19 August 2010

How to Play the GM IPO and the Auto Industry


General Motors filed for an initial public offering of stock on Wednesday, clearing a key hurdle toward repaying taxpayers for a controversial bailout just over a year after its bankruptcy.

The initial filing with U.S. securities regulators did not say how many shares would be sold or give an expected price range for what will likely be one of the biggest IPOs ever. It filed for an IPO of up to $100 million. That does not represent the full amount that GM hopes to raise, people familiar with the situation have told Reuters. GM could raise up to $20 billion in its IPO, the people said.
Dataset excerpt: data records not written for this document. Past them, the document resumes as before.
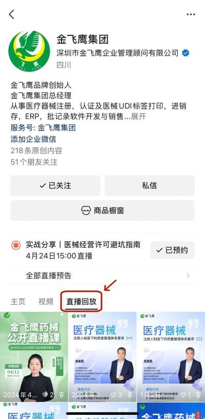 往期直播培訓(xùn)課程支持回放,關(guān)注“金飛鷹藥械咨詢服務(wù)”視頻號(hào)并點(diǎn)擊視頻號(hào)主頁,即可查看“直播回放”哦~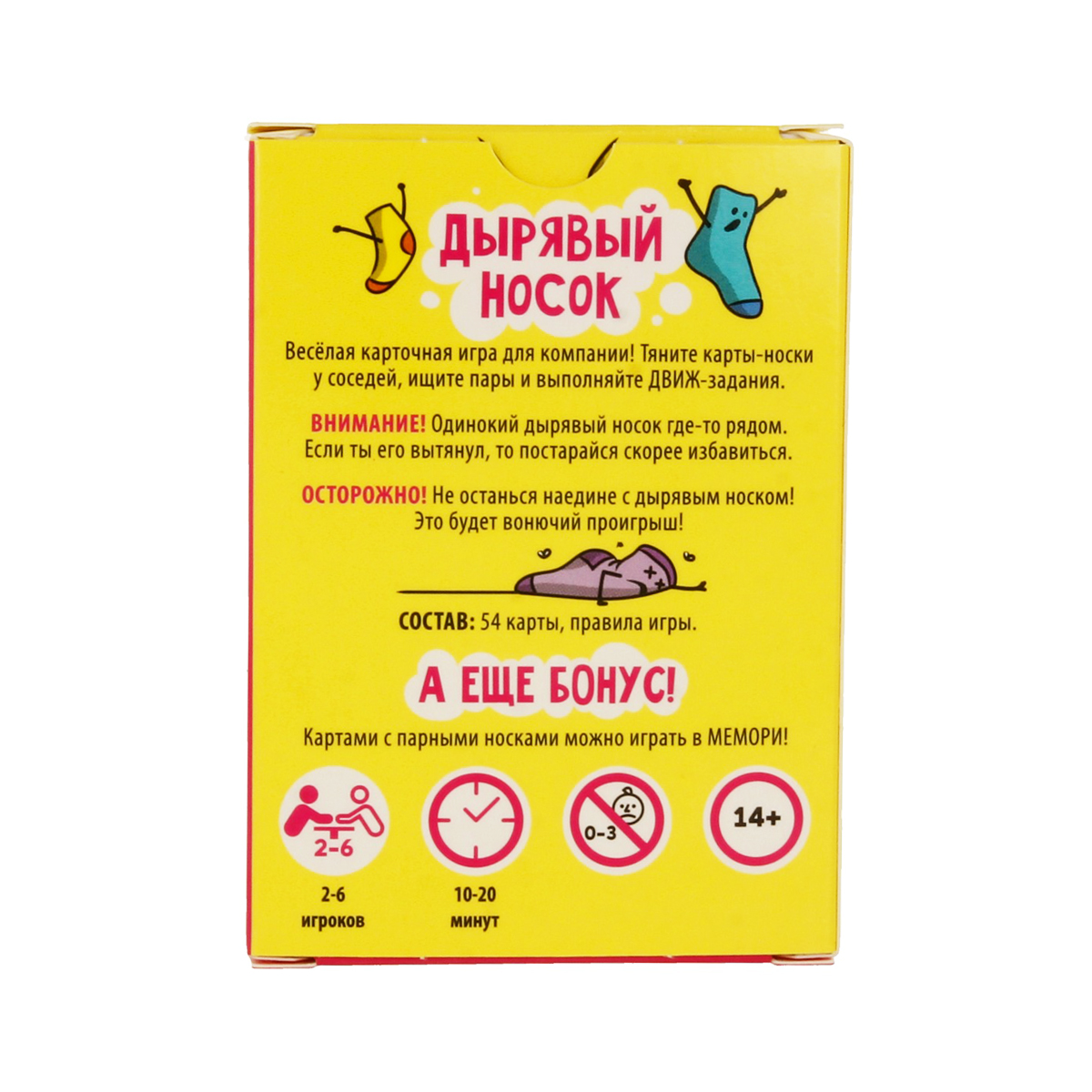 Веселая карточная игра для компании! Тяните карты-носки у соседей, ищите пары и выполняйте ДВИЖ-задания. ВНИМАНИЕ! Одинокий вонючий носок где-то рядом. Если ты его вытянул, то постарайся скорее избавиться. ОСТОРОЖНО! Не останься наедине с наедине с дырявым носком. Это будет вонючий проигрыш! Игра ПОДХОДИТ ДЛЯ ВСЕХ от детей до взрослых.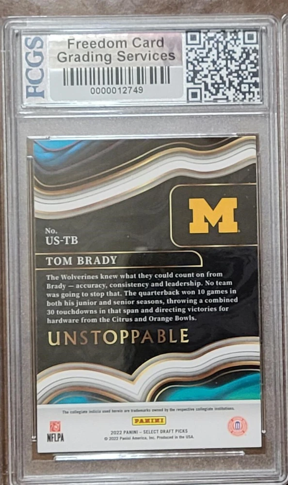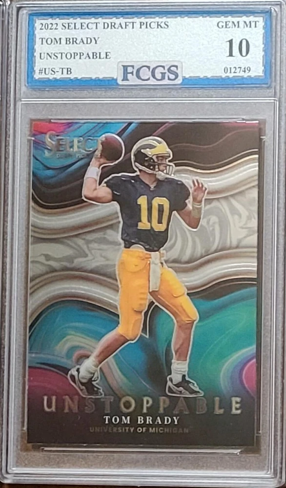 Elevate your sports card collection with the 2022 Panini Select Draft Picks - Unstoppable #US-TB featuring the legendary Tom Brady. Representing his time with the Michigan Wolverines, this card is a must-have for fans and collectors alike. The card boasts an eye-catching design, highlighting Brady's prowess on the field and his impact on the sport of football. This card comes from the sought-after Unstoppable insert set, part of the Panini Select Draft Picks series. It's a standout piece manufactured by Panini, a trusted name in sports memorabilia. The card is ungraded, providing you with the opportunity to have it professionally graded to your satisfaction. Add this gem to your collection and celebrate the career of one of football's greats.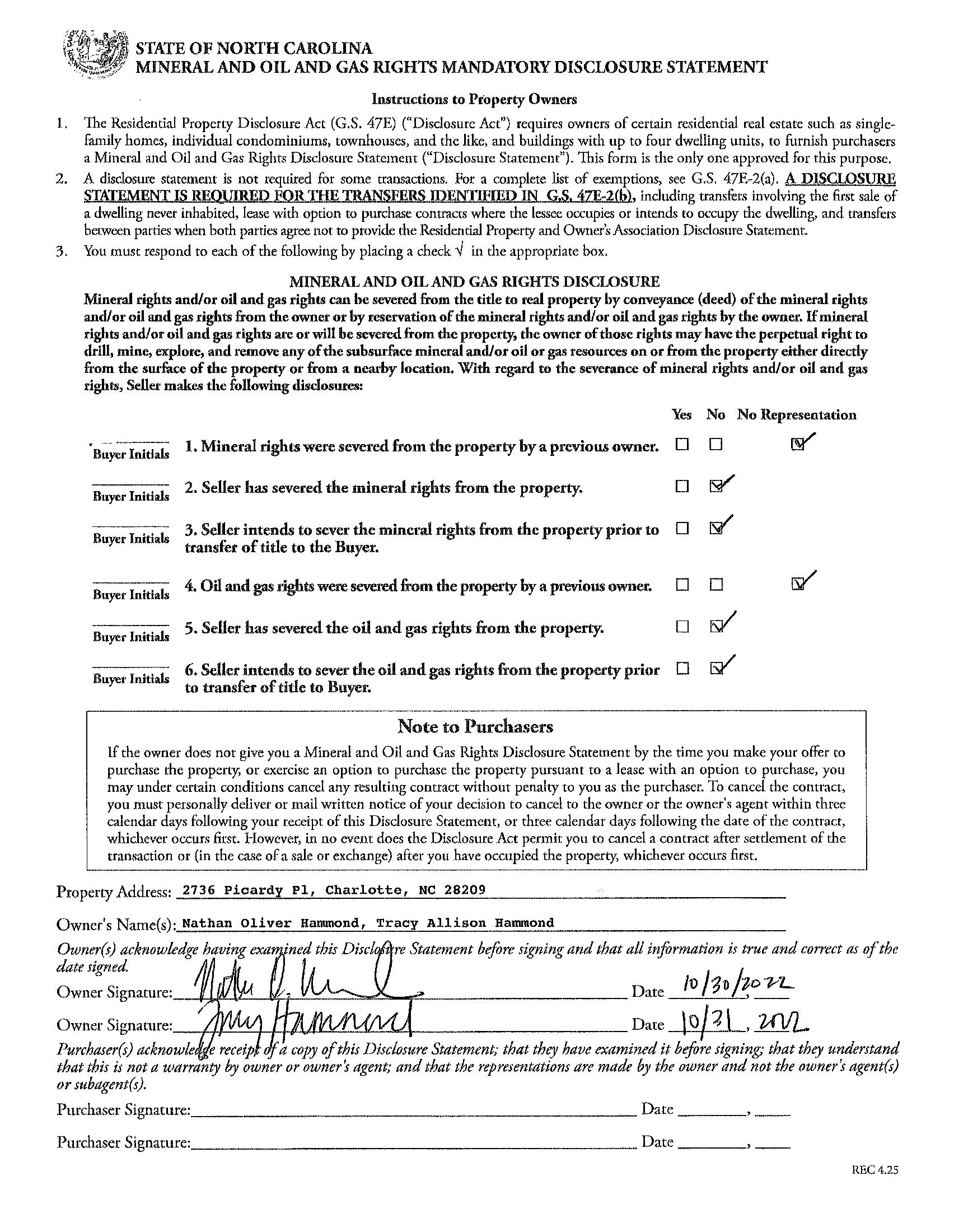 1. e Residential Property Disclosure Act (G.S. 47E) (“Disclosure Act”) requires owners of residential real estate (single-family homes, individual condominiums, townhouses, and the like, and buildings with up to four dwelling units) to furnish buyers a Residential Property and Owners’ Association Disclosure Statement (“Disclosure Statement”). is form is the only one approved for this purpose. A disclosure statement must be furnished in connection with the sale, exchange, option, and sale under a lease with option to purchase where the tenant does not occupy or intend to occupy the dwelling. A disclosure statement is not required for some transactions, including the first sale of a dwelling which has never been inhabited and transactions of residential property made pursuant to a lease with option to purchase where the lessee occupies or intends to occupy the dwelling. For a complete list of exemptions, see G.S. 47E-2.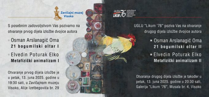U petak, 13. juna ove godine, biće upriličeno otvaranje zajedničke izložbe autora Osmana Arslanagića i Elvedina Poturka, a ono što je zanimljivo jeste činjenica da se izložba sastoji iz dva dijela. Prvi dio izložbe biće svečano otvoren u prostorijama Zavičajnog muzeja s početkom u 19.30 sati, a sat kasnije, u 20.30, drugi dio izložbe će biti otvoren u Galeriji “Likum ‘76”.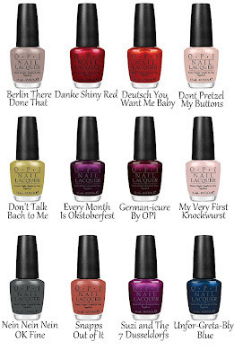 I think most of you regular readers are aware of my nail polish mini-obsession. I say mini only because nothing compares to my fairy tale and folklore and reading obsessions. OPI Nail Lacquers usually offer at least one collection each year inspired by a country. They have just announced that the 2012 Fall Collection is inspired by Germany.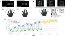 We utilized FS-FAST for the GLM analysis, a FreeSurfer fMRI data analysis tool41. We contrasted fMRI activity between “Move” versus “Stop” conditions and continuous feedback (CF) versus binary feedback (BF), respectively, for the localizer session and the main session. For each session, the regressors of interest were computed by convolving boxcars encoding the contrasting two conditions with the SPM canonical hemodynamic response function (HRF) of zero derivatives. We added nuisance regressors, which are motion parameters created in preprocessing, and third-order polynomial regressors to the design matrix for the GLM analysis. After the first-level analysis, individual results were concatenated into one file with the “isxconcat-sess” function. Then, group GLM was performed with “mri_glmfit .” Multiple comparison correction was done by “mri_glmfit-sim” with cluster-forming threshold (CFT) of p < 10−4 and cluster-wise p-value of p < 0.05. The final full width at half maximum (FWHM) of the inherent smoothness was considered for multiple comparisons correction. A similar analysis was also done on the localizer result with different conditions of “Move” and “Stop” to identify regions responding to hand movement (Supplementary Fig. 3A).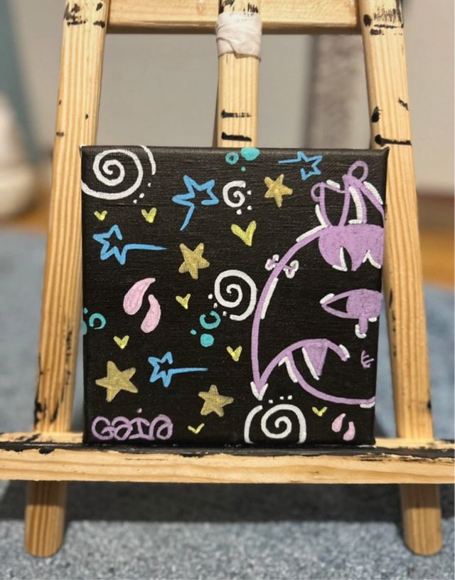 Detalhes do produtoQuadro pintado à mão, com cores vibrantes e um estilo único. Ideal para decoração de ambientes criativos.
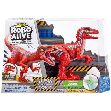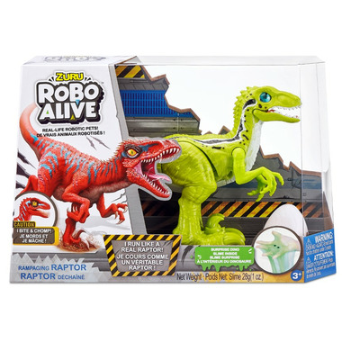 Zuru's new Robo Alive Rampaging Raptor runs and bites like a real dinosaur! With a super realistic design, fast clawing movements and advanced robotic technology, this Raptor outruns all other predators. There's new glow in the dark Dino Slime to discover inside the Dino Egg too! Don't let it catch you and beware of whats inside the Dino Slime Surprise!
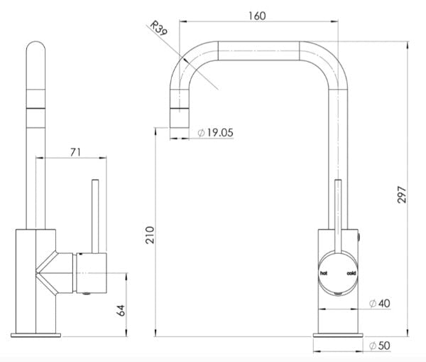 Phoenix Vivid Slimline Squareline Sink Mixer 160mm - Matte Black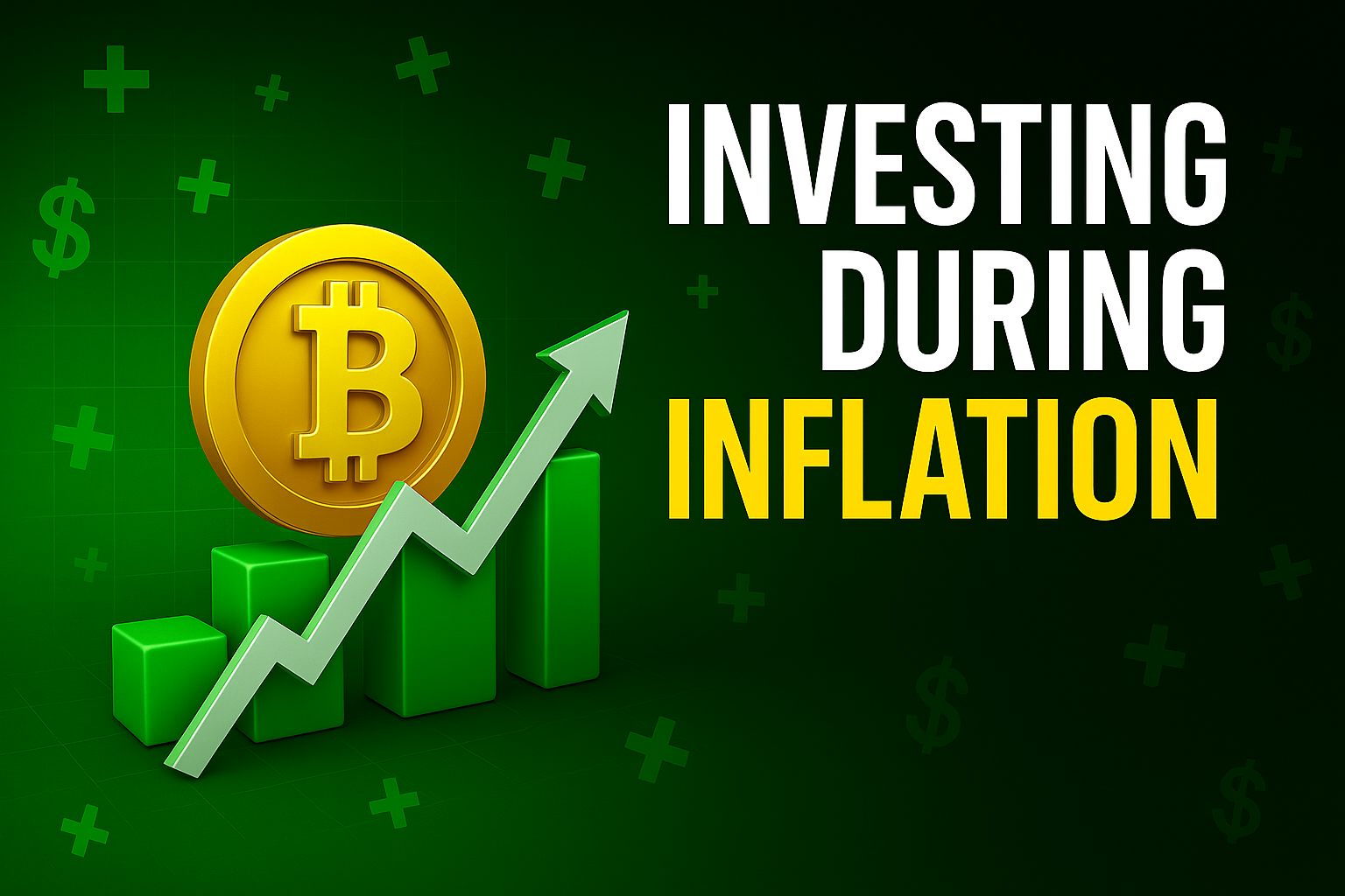 /Collection: , /by davooda/Type: PNG/Dynamic digital graphic illustrating the concept of investing in Bitcoin during inflation, featuring a rising graph and a gold Bitcoin symbol, ideal for finance-related content.

The automaker said it planned to list the shares on the New York Stock Exchange and the Toronto Stock Exchange. Trading in GM shares is expected to start between late October and the U.S. Thanksgiving holiday, which is the fourth Thursday in November, according to people involved in the process.

So what does this mean for investors?

Guy Adami, managing director at Drakon Capital, likes the GM IPO for the auto industry. He recommends looking at BorgWarner [BWA  47.07  ---  UNCH  (0)   ], which is an auto parts manufacturer based in Auburn, Hills, Mich. The stock is pushing against a 52-week high, Adami said. UBS put it on a conviction buy list. He thinks valuations are "reasonable" and being as we're in a benign tape, he thinks BWA is the way to go.

Buy Ford Motor Co. [F  12.20  ---  UNCH  (0)   ] if the share price drops to $11.50, said Pete Najarian, co-founder of optionMONSTER.com. He thinks that could happen because there is "a lot of appetite" for the GM deal. Ford's share price could fall if investors leave for GM.

What Ford has going for it that GM doesn't, said Joe Terranova, chief market strategist at Vitrus Investment Partners, is Alan R. Mulally. Adami agreed and praised the 61-year-old Ford executive.